LA VIA ROMEA
 

Abbiamo tratto alcune delle notizie essenziali da: una Strada Romea detta anche di Monte Bardone o Francigena. Edizioni Delta, 1994, di Cesare Bocchi e di Giovanni Mori.

La vita degli abitanti della nostra penisola era molto povera.

Le descrizioni degli storici di un tempo non lasciano certamente dubbi.

A poco a poco, nel secondo secolo circa, i contadini avevano cominciato ad abbandonare la terra, perché non potevano reggere la concorrenza con le provincie dell’Impero, che avevano portato un sempre più frequente utilizzo dei terreni intorno alle ville come pascoli o come latifondi; tutto ciò comportò la nascita dei castelli.

Man mano che si andava avanti si perdeva l’amore per la coltivazione dei campi, e avvenne addirittura un impoverimento culturale con effetti devastanti.

Il lento ma costante degrado del potere centrale e di una classe ormai venuta ad usare modi barbari, incapace di reazioni, aveva innescato una crisi economica alla quale Diocleziano aveva tentato di porre rimedio imbalsamando un mondo oramai in rovina.

Contribuirono alla rovina della nostra Italia Attila e Genserico con i saccheggi, la presenza dei Vandali nell’Africa del Nord che, aveva tolto a Roma l’ultimo "granaio" e poi i Goti e la loro guerra con i Bizantini.

In questa povera Italia, nel 568, calarono i Longobardi, popolo nomade che viveva di razzie e saccheggi.

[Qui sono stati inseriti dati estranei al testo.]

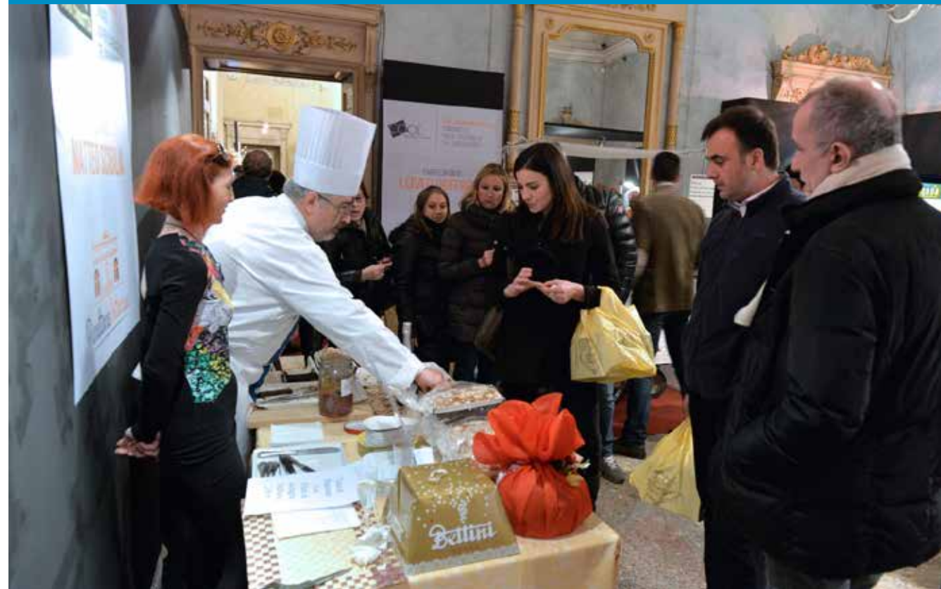
Nella foto uno dei momenti della degustazione dei panettoni artigianali

Nessuno diede il meglio per ostacolarli.

L’esercito bizantino rimase chiuso in Ravenna, solo alcune città opposero resistenza.

Pavia, conquistata nel 572, venne eletta da Alboino capitale del nuovo regno.

Proiettandosi verso Sud, l’espansione longobarda si estese in Toscana, a Spoleto e a Benevento, elette a Ducati.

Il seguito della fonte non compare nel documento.